If you are a student who wants to consult my codes for your thesis, pay attention:
It is not a good essay topic. Try to abandon it as early as possible!
It is not a good essay topic. Try to abandon it as early as possible!
It is not a good essay topic. Try to abandon it as early as possible!
There are two kinds of paper document formats, which are editable document formats and fixed document formats.
Fixed document formats such as DjVu and PDF are close to what people see. However, reading and analysing their contents are not easy for computer programs.
This project aims to read and analyse editable document formats such as RTF, ODT and DOCX. As a cost, it cannot obtain some information about the layout of papers.
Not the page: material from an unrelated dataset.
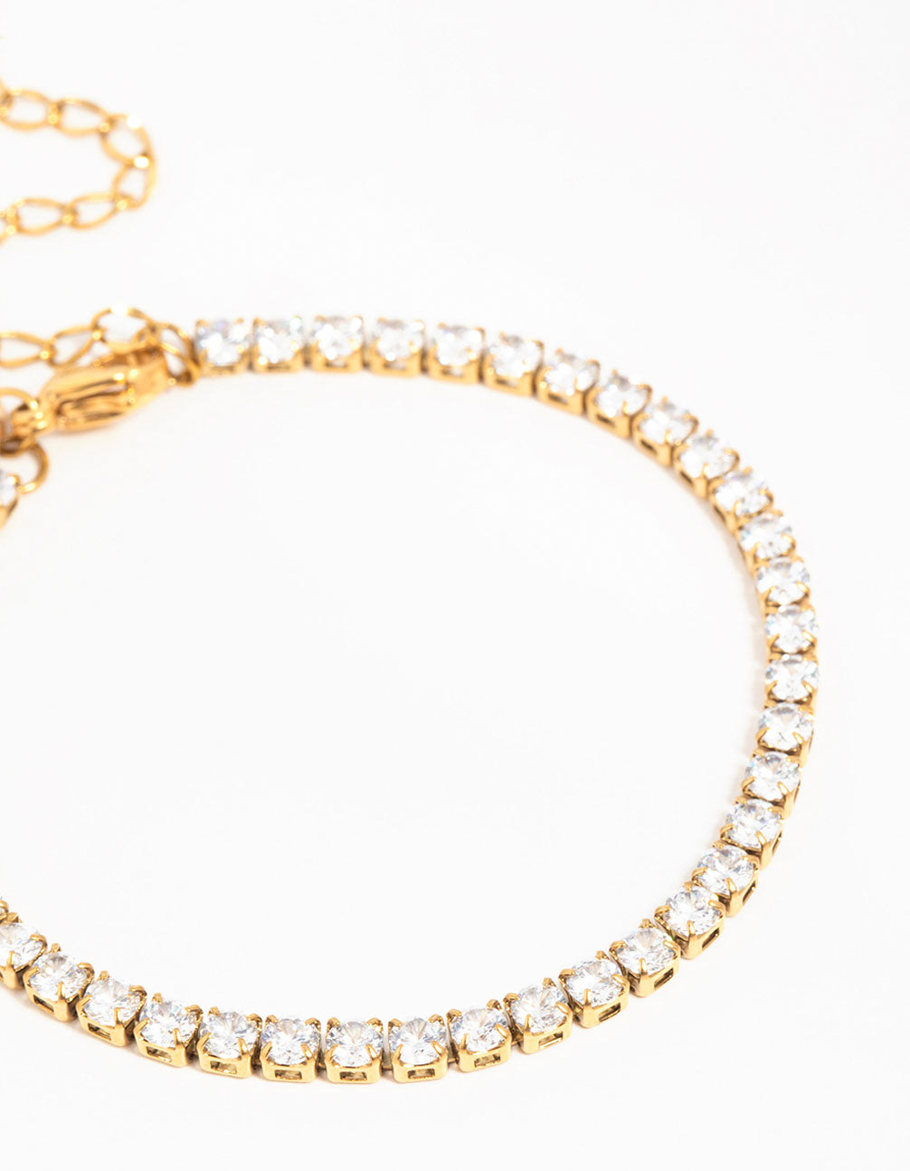 Waterproof Gold Plated Stainless Steel Cubic Zirconia Tennis Bracelet

LaTeX is also an editable document format. Nevertheless, LaTeX documents always contain macros. As a result, reading and analysing a LaTeX document is not easier than reading and analysing its output DjVu or PDF document.
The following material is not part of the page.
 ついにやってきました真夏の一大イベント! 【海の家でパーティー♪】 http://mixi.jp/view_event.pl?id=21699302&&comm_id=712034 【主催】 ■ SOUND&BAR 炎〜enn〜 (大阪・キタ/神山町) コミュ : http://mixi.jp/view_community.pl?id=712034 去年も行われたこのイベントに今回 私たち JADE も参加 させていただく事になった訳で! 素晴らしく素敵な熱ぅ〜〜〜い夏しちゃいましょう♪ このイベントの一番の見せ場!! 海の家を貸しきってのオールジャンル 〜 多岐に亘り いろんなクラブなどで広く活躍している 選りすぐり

I believed that I must separate this system into two parts. These two parts respectively work on reading and analysing the paper document.
The former can contain several different engines, each of which works on reading documents with specific formats by a unique method. Because of a lack of time, I only implemented a buggy DOCX engine based on the Python-DOCX library.
I further divided the latter into several hierarchies. The "scanner" hierarchy tries to scan the document and obtain several segments such as title, abstract title and abstract. The "parser" hierarchy tries to parse these segments and get a catalogue of all chapters and sections. It may not be the best design.